*** Opening of The data ***

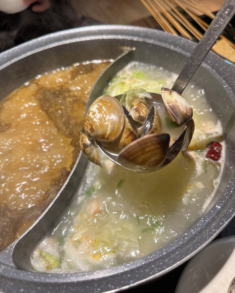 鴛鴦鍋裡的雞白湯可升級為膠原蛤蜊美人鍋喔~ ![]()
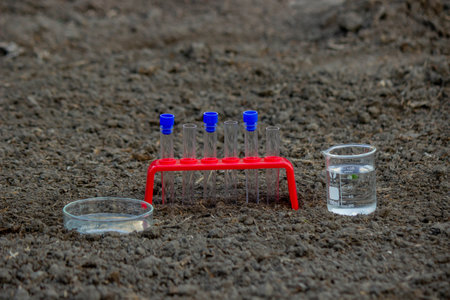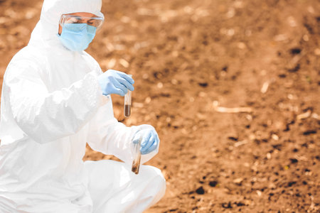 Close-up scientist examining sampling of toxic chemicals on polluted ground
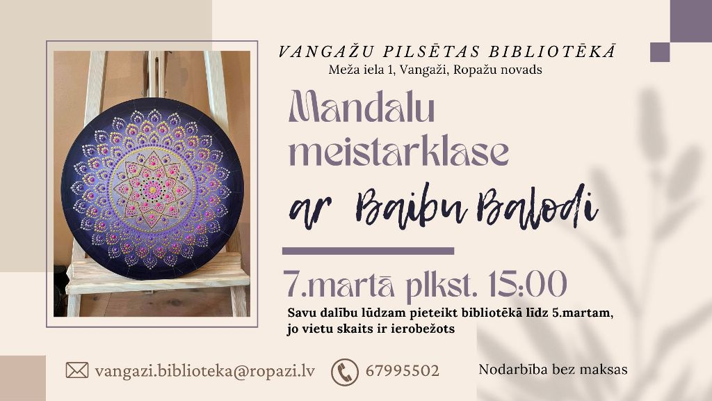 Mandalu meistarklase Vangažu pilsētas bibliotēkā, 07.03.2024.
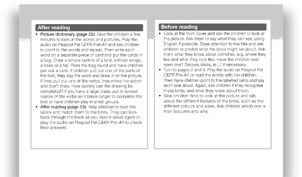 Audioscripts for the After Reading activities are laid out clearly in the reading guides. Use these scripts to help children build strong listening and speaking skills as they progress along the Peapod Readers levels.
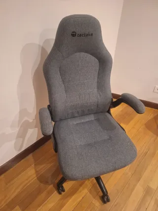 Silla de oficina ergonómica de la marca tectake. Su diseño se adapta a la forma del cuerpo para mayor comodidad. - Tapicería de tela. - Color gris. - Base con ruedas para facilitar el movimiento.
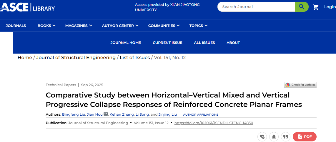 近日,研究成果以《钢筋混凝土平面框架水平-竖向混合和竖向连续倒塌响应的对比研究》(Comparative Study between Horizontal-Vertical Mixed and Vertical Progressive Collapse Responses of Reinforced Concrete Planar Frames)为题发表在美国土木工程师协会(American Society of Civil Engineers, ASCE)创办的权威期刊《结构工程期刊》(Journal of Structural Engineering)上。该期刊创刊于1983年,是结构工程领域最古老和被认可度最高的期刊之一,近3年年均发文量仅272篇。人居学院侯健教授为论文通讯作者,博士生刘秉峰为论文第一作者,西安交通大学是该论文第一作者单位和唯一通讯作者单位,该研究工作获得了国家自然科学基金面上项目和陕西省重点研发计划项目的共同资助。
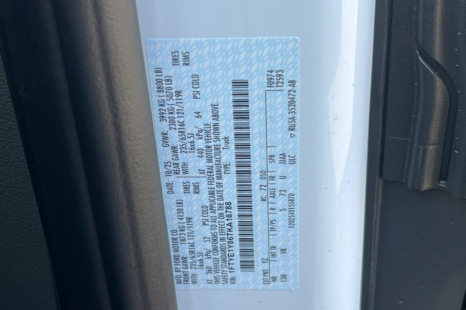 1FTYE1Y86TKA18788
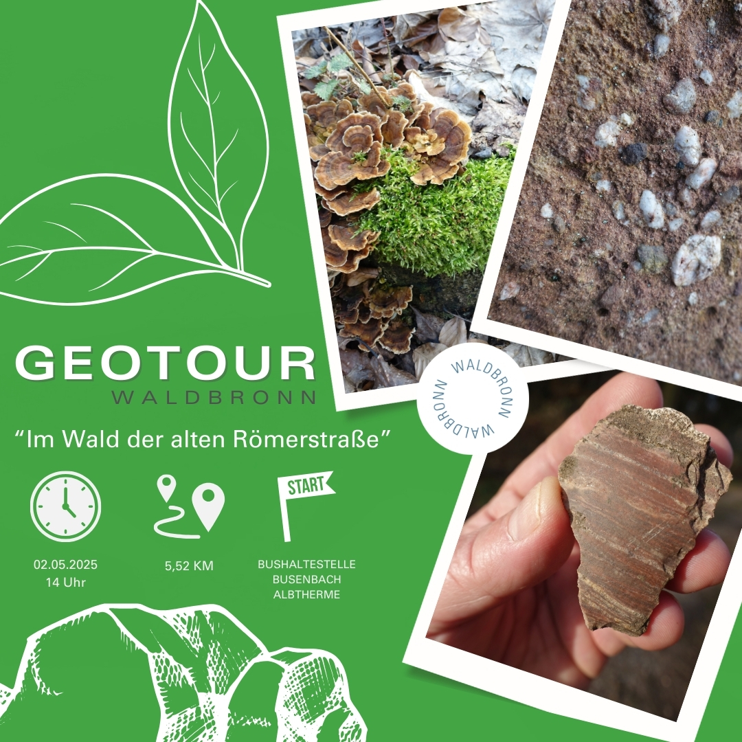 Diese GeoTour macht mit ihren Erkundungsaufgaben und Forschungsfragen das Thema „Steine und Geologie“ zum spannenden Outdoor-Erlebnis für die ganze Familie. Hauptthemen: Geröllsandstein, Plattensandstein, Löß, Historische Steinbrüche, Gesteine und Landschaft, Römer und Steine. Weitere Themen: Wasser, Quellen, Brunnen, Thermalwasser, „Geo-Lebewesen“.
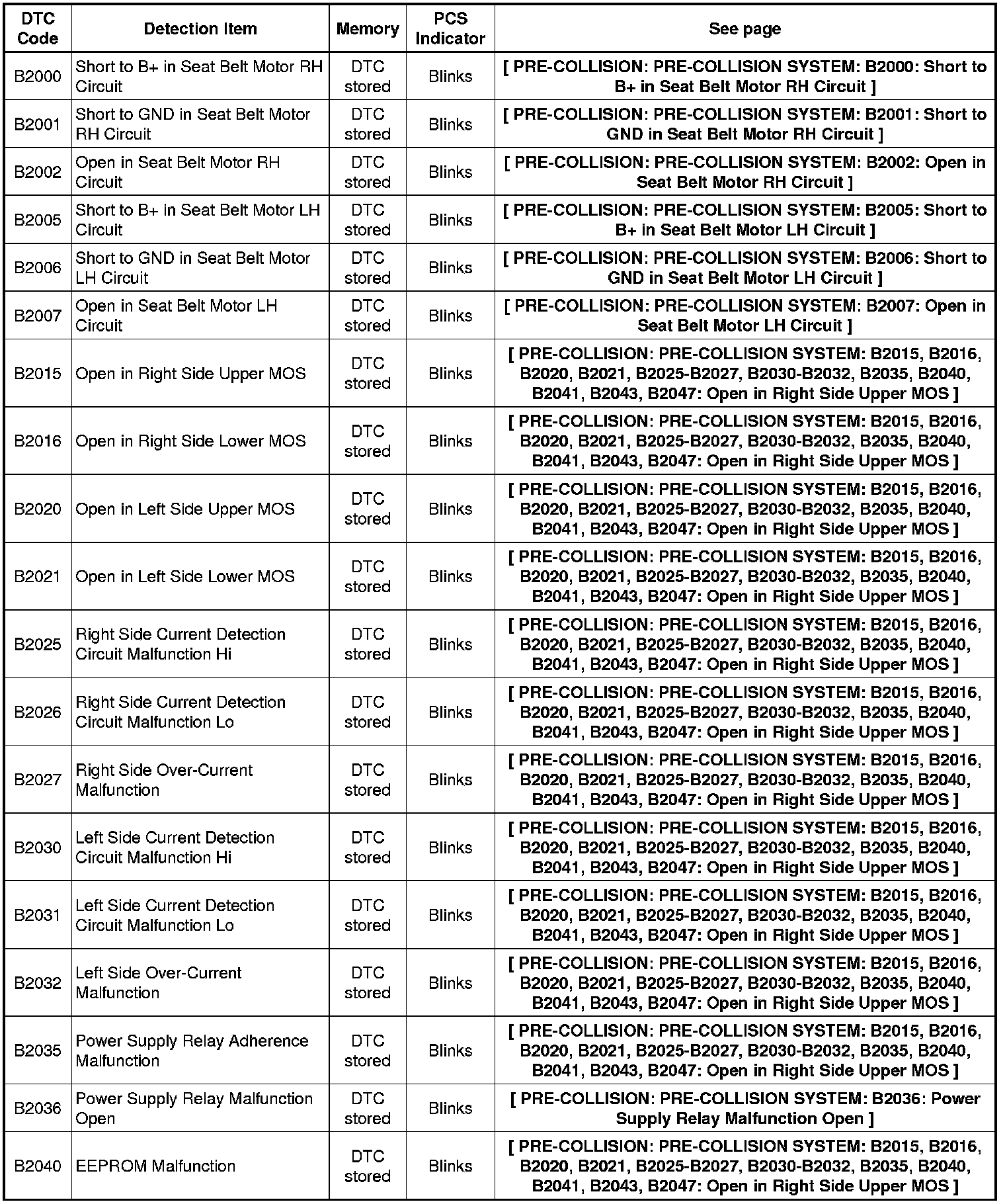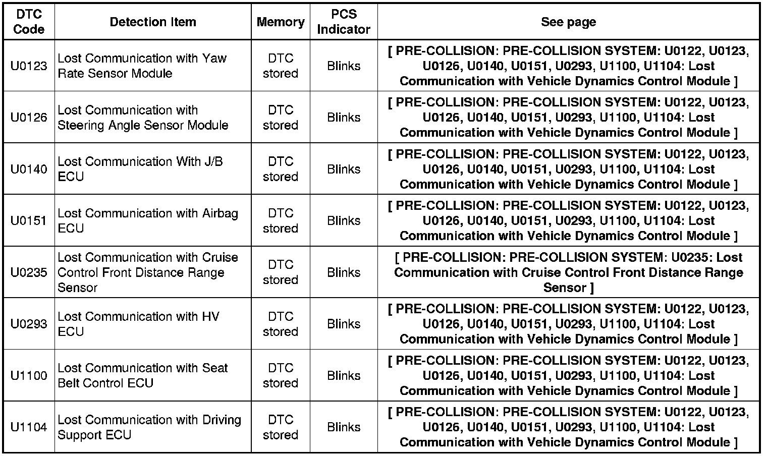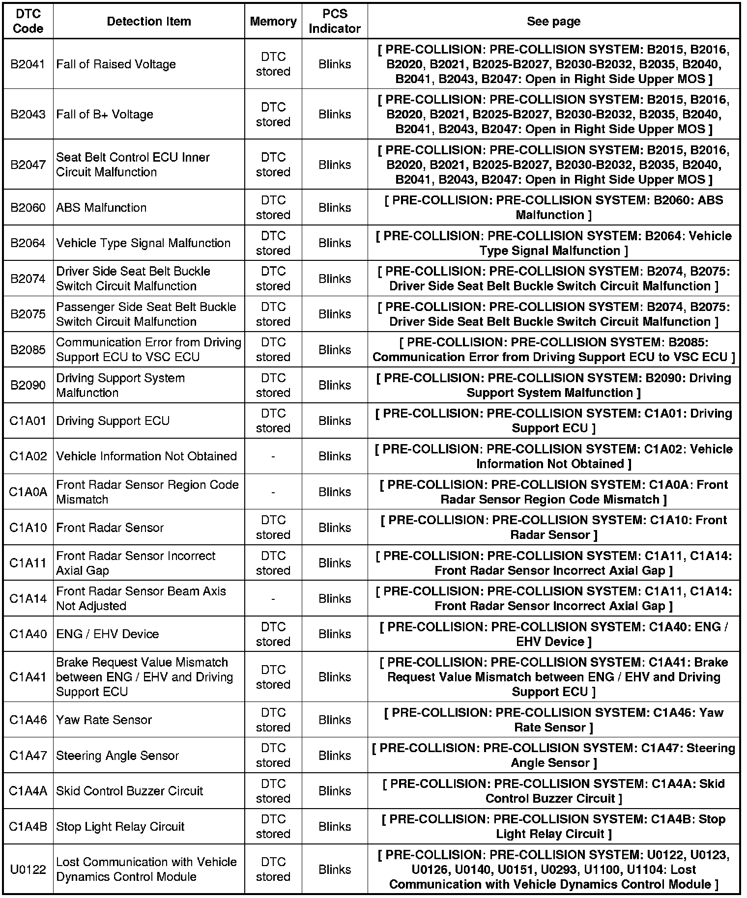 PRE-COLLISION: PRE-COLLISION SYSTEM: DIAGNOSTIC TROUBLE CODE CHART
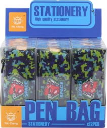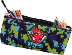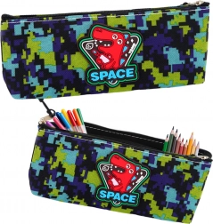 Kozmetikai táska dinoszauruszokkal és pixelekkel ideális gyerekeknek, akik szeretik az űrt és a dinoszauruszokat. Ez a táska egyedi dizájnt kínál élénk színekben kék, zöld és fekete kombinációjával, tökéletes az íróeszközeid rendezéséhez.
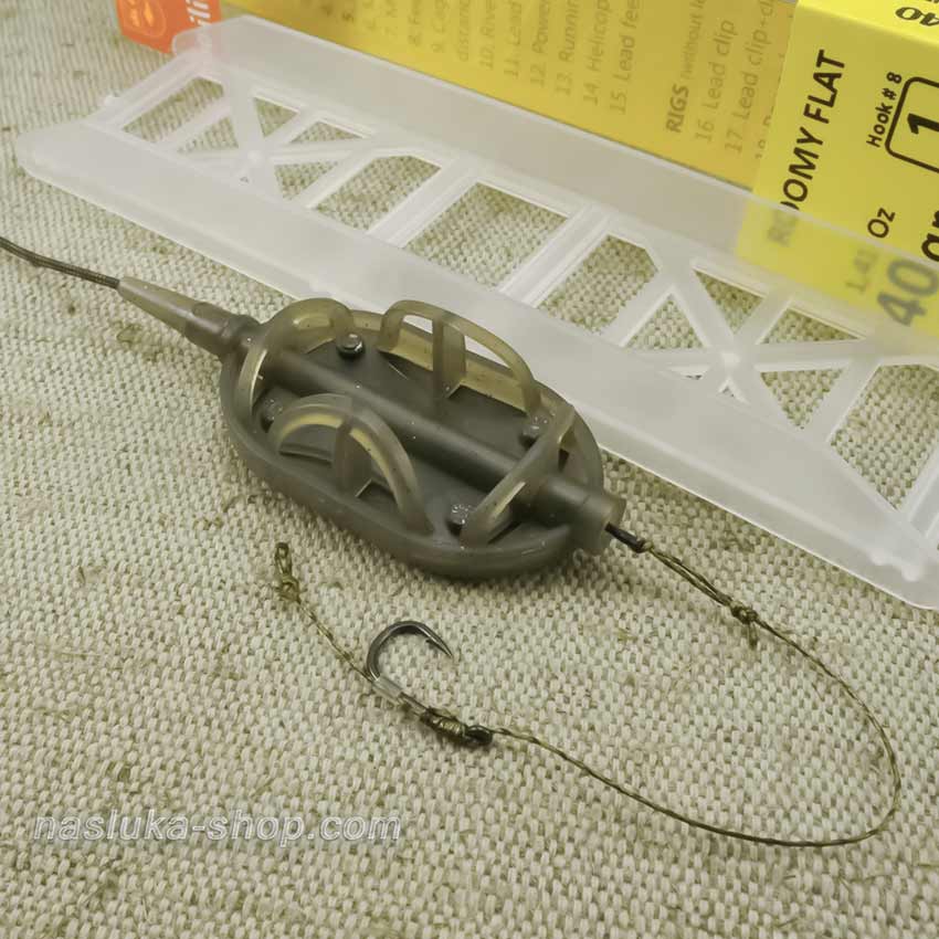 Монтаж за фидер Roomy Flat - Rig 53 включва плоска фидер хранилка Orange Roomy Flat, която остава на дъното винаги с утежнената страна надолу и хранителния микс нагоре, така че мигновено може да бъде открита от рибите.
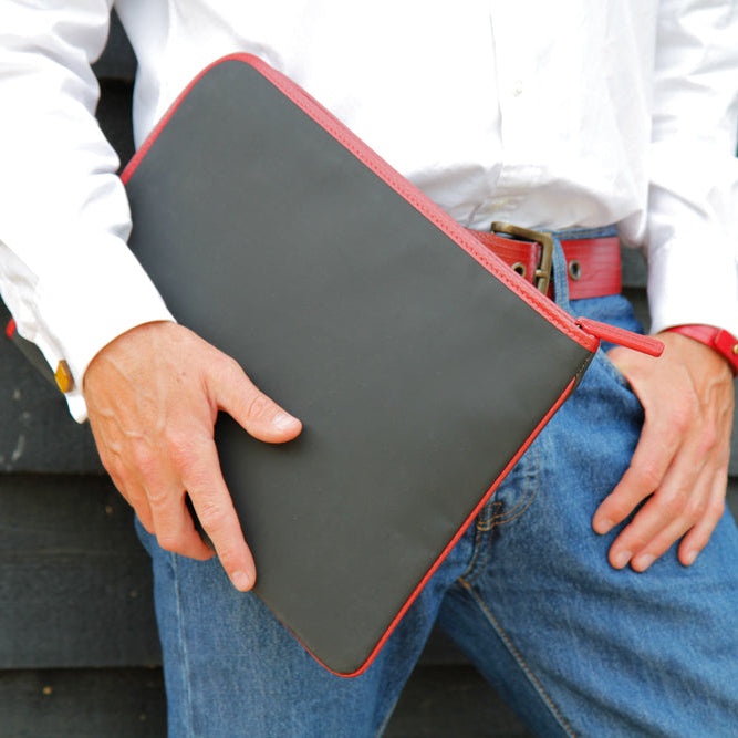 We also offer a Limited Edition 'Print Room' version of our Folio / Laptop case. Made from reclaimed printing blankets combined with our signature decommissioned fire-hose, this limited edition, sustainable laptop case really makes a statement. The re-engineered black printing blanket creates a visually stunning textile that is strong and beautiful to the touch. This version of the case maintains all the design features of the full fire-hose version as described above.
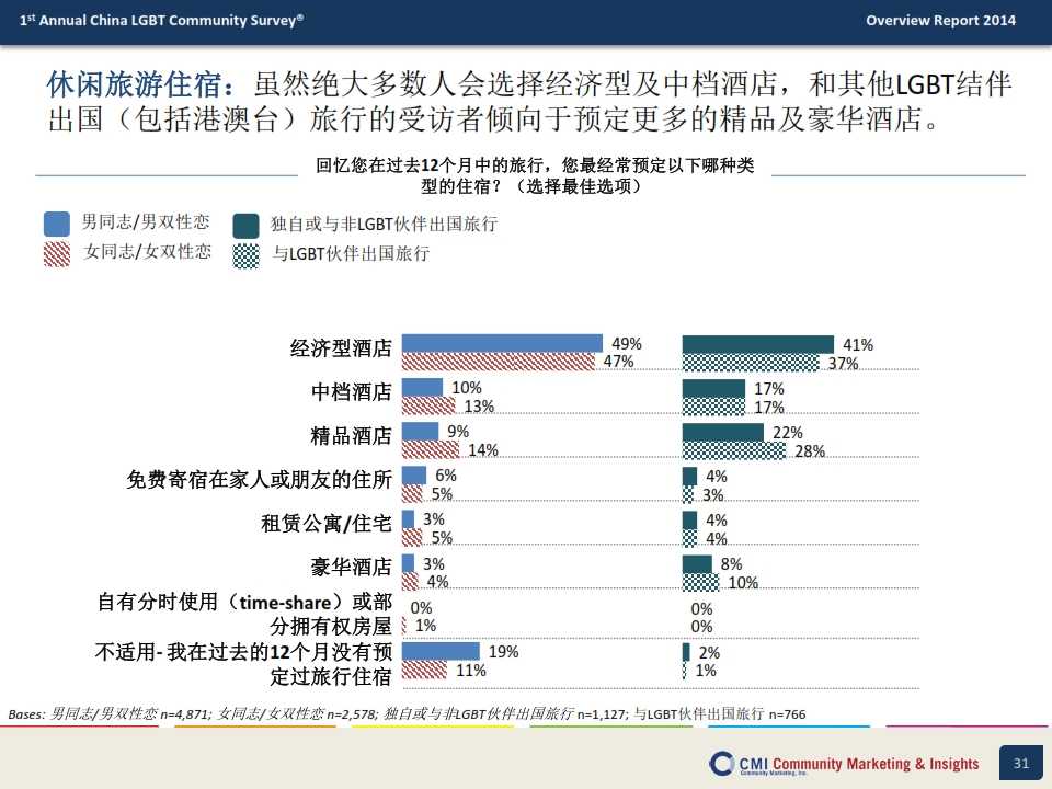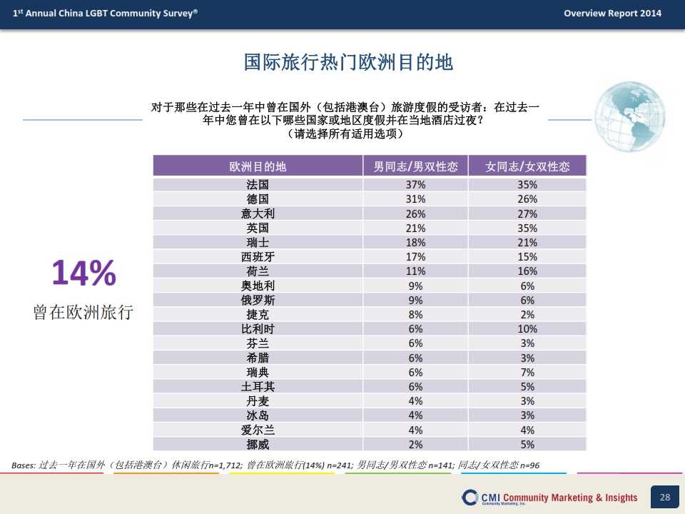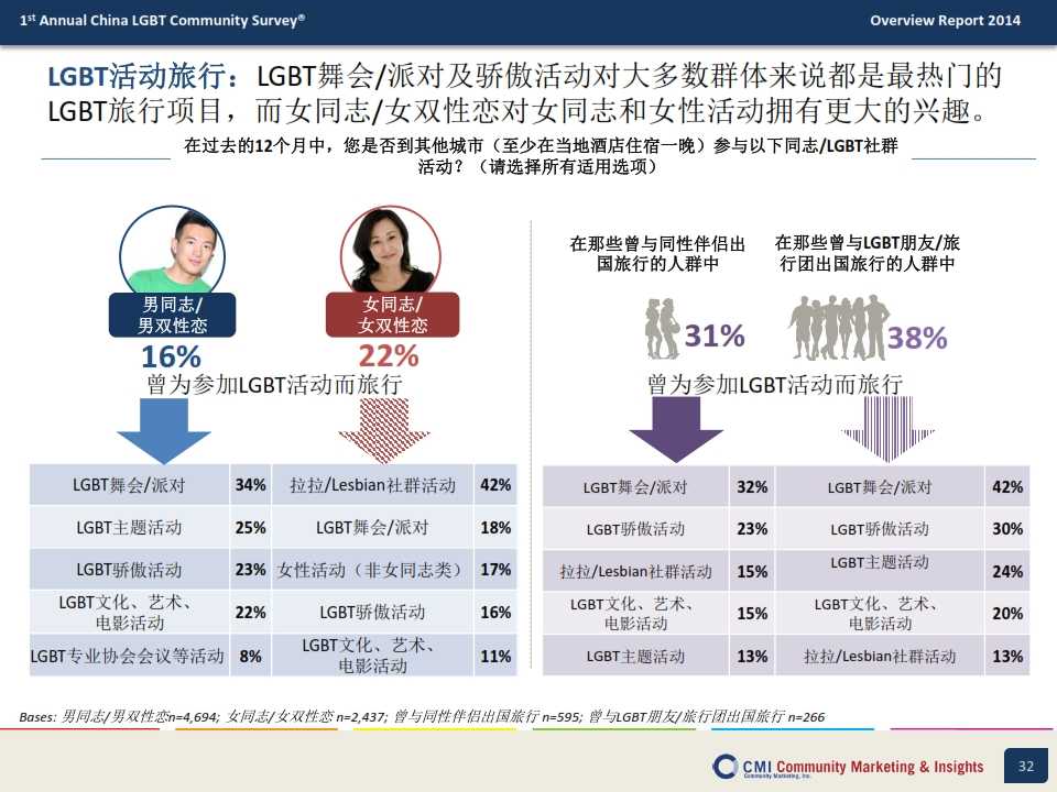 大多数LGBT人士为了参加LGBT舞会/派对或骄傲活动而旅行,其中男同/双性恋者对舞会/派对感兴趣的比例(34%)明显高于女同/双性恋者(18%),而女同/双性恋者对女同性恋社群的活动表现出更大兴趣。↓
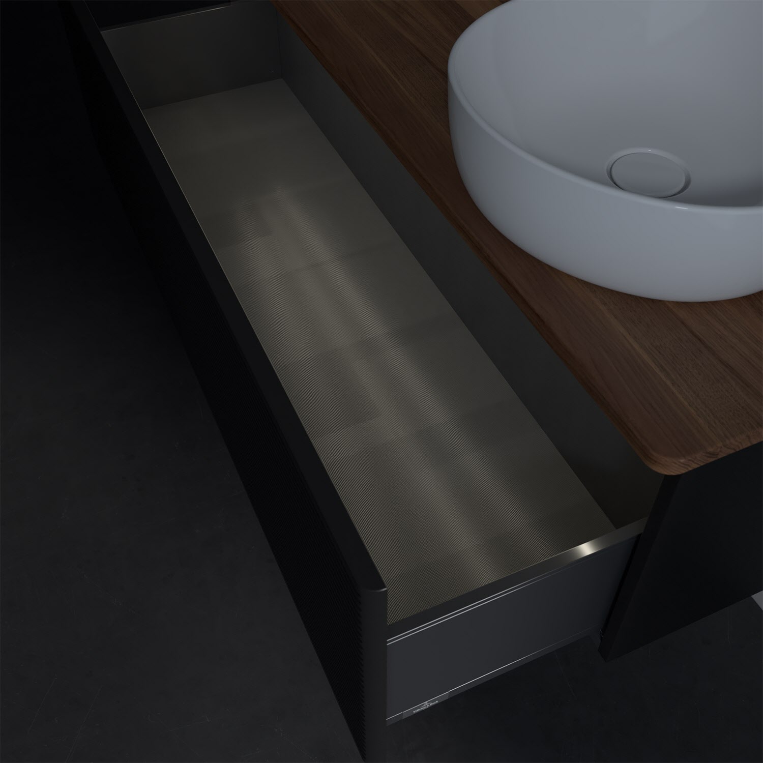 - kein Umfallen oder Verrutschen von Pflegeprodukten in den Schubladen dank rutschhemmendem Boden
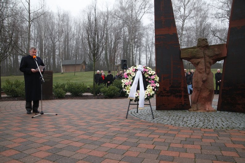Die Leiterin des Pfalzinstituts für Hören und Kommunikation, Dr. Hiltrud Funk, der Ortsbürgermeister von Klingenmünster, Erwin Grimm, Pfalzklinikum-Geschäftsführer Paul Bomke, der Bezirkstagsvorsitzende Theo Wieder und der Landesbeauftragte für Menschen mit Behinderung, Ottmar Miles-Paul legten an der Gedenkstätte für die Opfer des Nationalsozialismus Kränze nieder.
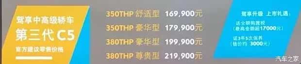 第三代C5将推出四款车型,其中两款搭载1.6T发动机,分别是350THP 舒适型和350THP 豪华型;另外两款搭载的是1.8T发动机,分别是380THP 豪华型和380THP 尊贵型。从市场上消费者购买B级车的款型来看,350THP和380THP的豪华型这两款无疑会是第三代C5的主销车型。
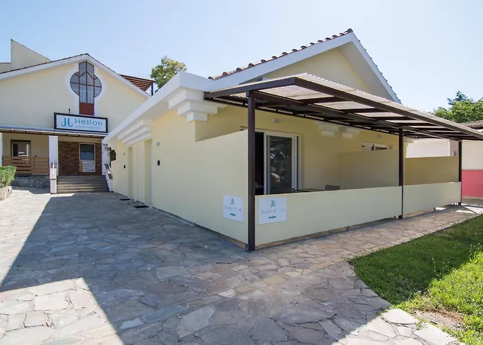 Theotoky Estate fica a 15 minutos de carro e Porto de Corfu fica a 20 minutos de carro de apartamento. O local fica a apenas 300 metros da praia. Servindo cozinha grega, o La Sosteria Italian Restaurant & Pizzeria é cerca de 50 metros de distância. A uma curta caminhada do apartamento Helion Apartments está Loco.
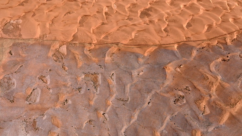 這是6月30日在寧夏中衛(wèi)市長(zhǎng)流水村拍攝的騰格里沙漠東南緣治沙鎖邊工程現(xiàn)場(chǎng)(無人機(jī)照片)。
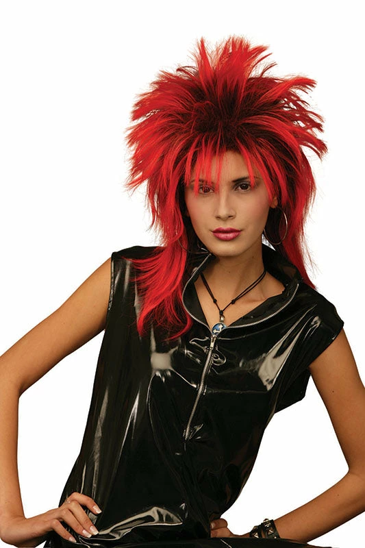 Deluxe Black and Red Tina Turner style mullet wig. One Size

*** Close of The data ***

What is required:
Reproduce verbatim the lines of the material above, beginning with its first line and ending with the line that contains "Mandalu meistarklase Vangažu"; skip pictures.

Answer for the task:
 鴛鴦鍋裡的雞白湯可升級為膠原蛤蜊美人鍋喔~ ![]()
 Close-up scientist examining sampling of toxic chemicals on polluted ground
 Mandalu meistarklase Vangažu pilsētas bibliotēkā, 07.03.2024.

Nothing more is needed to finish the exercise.